═════ Task material ═════

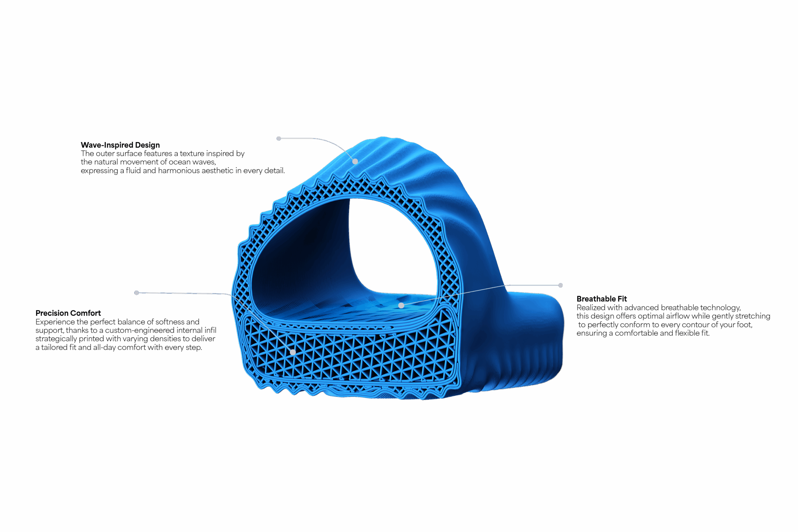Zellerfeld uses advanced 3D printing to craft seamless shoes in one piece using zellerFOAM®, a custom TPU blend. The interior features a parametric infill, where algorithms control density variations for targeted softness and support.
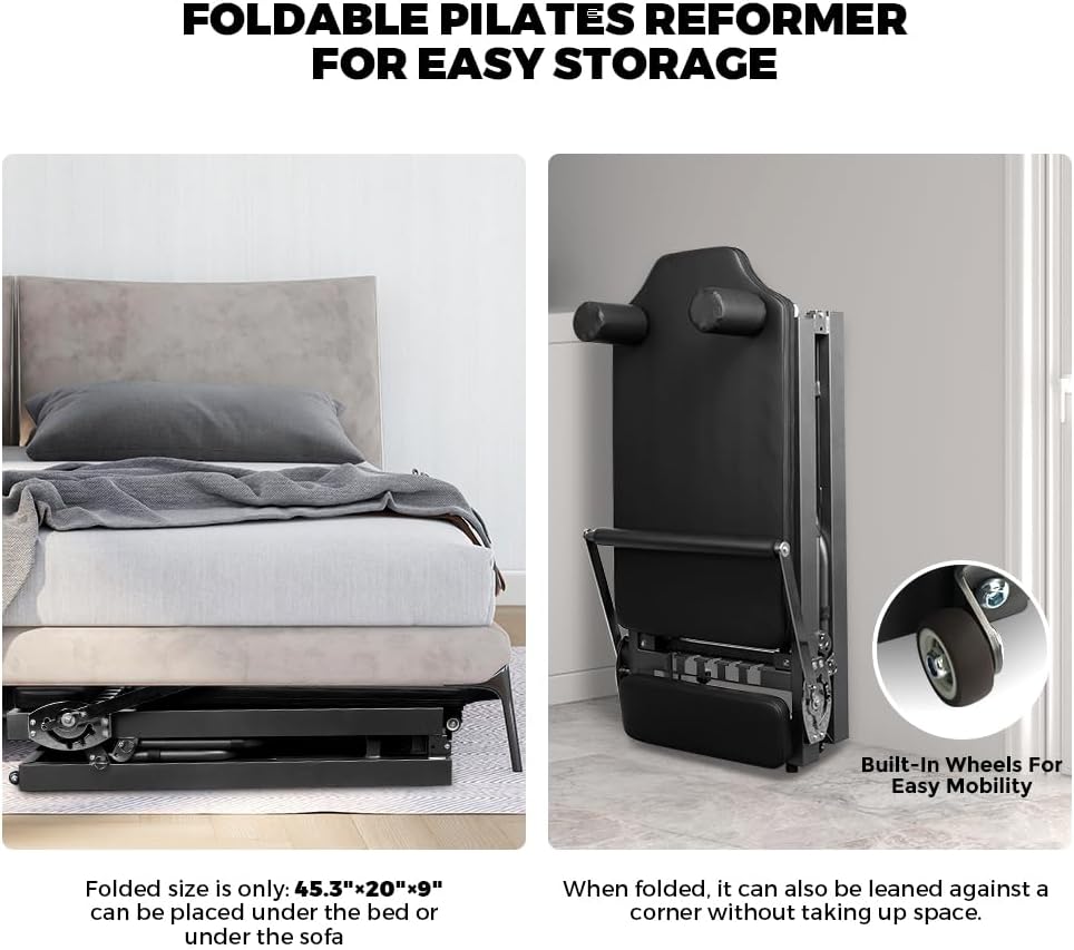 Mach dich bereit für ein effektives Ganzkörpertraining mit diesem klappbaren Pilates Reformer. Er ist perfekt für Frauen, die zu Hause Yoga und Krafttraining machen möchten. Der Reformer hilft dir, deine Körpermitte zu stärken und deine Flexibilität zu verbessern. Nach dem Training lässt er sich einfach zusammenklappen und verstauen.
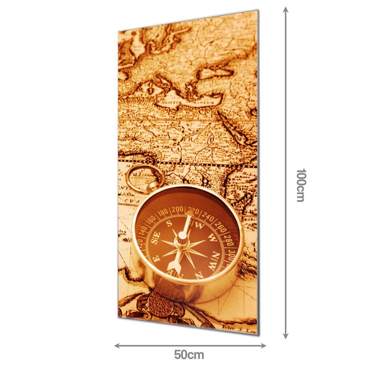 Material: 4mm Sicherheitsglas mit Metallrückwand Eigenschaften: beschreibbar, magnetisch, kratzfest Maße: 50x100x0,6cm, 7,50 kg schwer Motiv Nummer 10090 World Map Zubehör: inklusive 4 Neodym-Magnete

═════
═════ Task material ═════

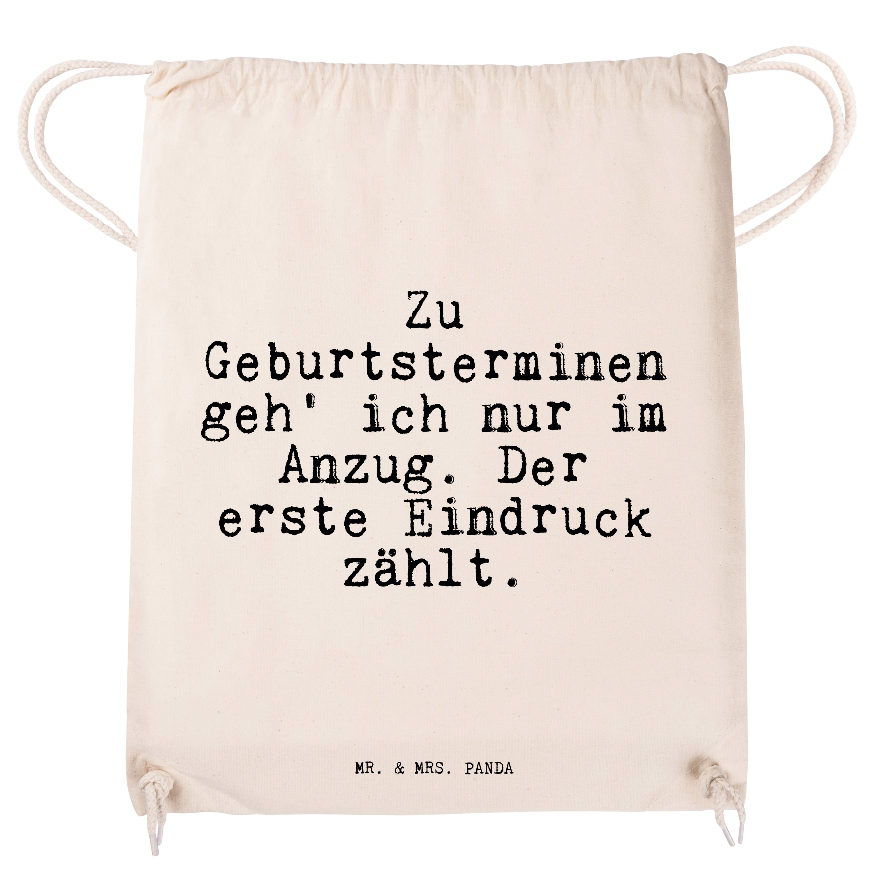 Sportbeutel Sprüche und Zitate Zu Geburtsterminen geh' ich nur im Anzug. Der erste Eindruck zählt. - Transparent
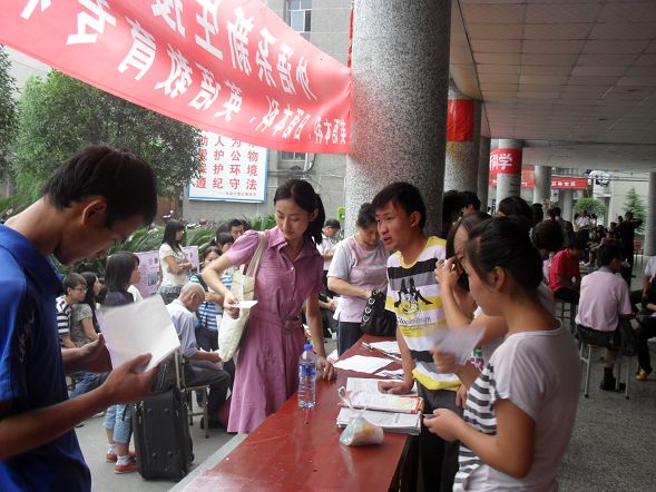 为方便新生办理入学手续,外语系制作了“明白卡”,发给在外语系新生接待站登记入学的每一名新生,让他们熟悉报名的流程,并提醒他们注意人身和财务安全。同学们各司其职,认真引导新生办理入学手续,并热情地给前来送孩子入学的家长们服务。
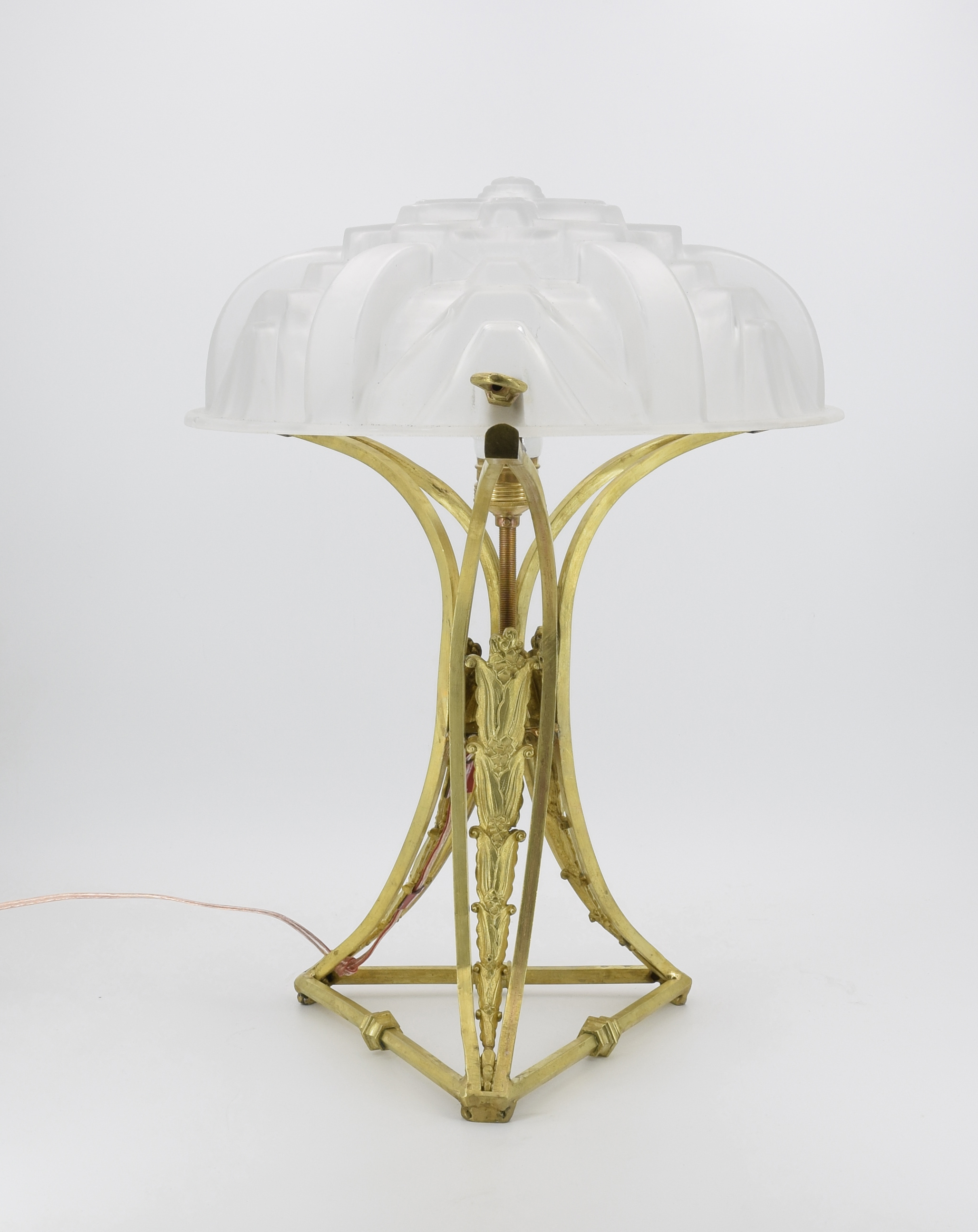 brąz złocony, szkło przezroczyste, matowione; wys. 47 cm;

═════
═════ Task material ═════

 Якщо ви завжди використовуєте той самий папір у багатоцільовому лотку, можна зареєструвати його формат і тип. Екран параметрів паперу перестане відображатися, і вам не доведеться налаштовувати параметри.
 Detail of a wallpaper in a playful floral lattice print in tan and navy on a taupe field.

═════

**What needs to be done**
The expected answer is an exact copy of the lines above, beginning at the line with "Якщо ви завжди" and ending at the line with "Detail of a", with both ends in.

**Answer for the task**
 Якщо ви завжди використовуєте той самий папір у багатоцільовому лотку, можна зареєструвати його формат і тип. Екран параметрів паперу перестане відображатися, і вам не доведеться налаштовувати параметри.
 Detail of a wallpaper in a playful floral lattice print in tan and navy on a taupe field.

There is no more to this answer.